Hiring and supporting more community health workers and reaching more patients is a crucial step toward sustainable primary care for all. But we’re doing more than this: we are catalyzing a continent-wide shift in how healthcare is delivered and financed, ushering in a sea change for hundreds of millions of people. Healthcare in Africa is changing one way or another. Together, we can ensure it changes for the better.

The global funding crisis is our opportunity to realize community-led primary care for all.
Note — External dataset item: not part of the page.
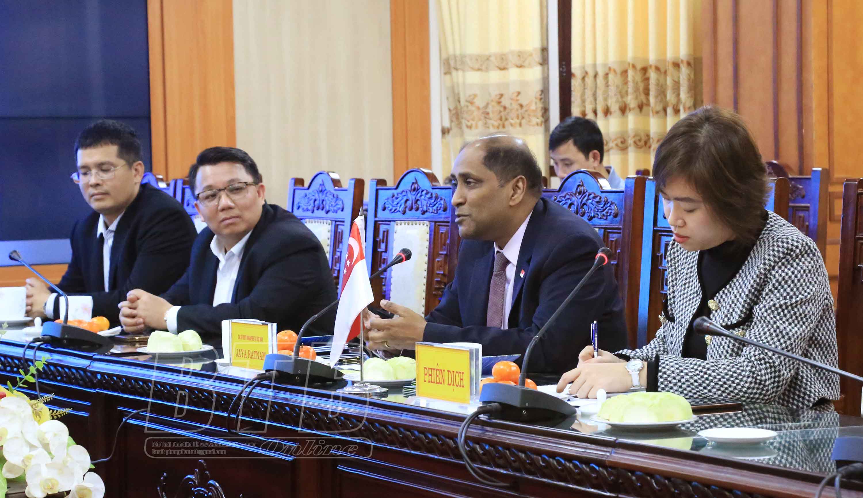 Với vai trò của Đại sứ quán Singapore tại Việt Nam, Đại sứ Jaya Ratnam khẳng định sẽ tạo ra cầu nối thúc đẩy hợp tác giữa Singapore với tỉnh và hỗ trợ Thái Bình tổ chức xúc tiến thu hút đầu tư tại Singapore thời gian tới.
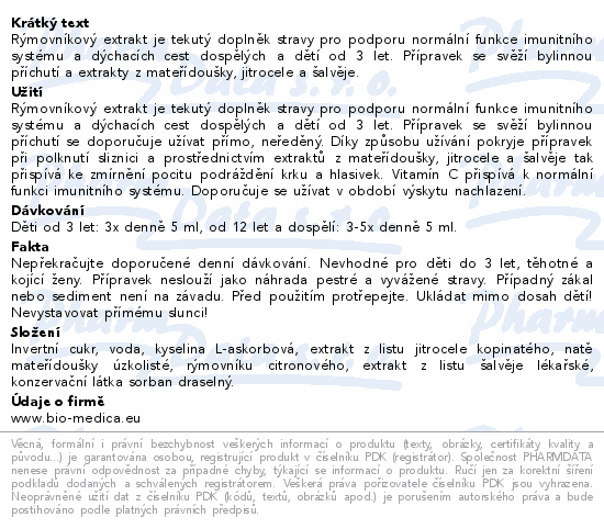 Rýmovníkový extrakt je tekutý doplněk stravy pro podporu normální funkce imunitního systému a dýchacích cest dospělých a dětí od 3 let. Přípravek se svěží bylinnou příchutí a extrakty z mateřídoušky, jitrocele a šalvěje.

Amid this crisis, I feel a profound sense of purpose: Last Mile Health’s experience and expertise can offer valuable direction as the global health field works to set a course that will save lives now and ensure progress toward universal health coverage.

We know community health workers save lives in the communities most at risk. At this critical juncture, we must ensure the systems that support them are resilient and durable. Government-owned, community-led primary care backed by sustainable, strategic financing—both domestic and philanthropic—is the path toward health for all.

Last Mile Health has long championed community-led primary care as a locally sustained, cost-effective approach that bolsters resilience during health and financial shocks. We are primed and ready to realize this sustainable, domestically led solution. The time is now to invest where the need is greatest—and the impact is most powerful. This is how we can save lives together, now and for years to come.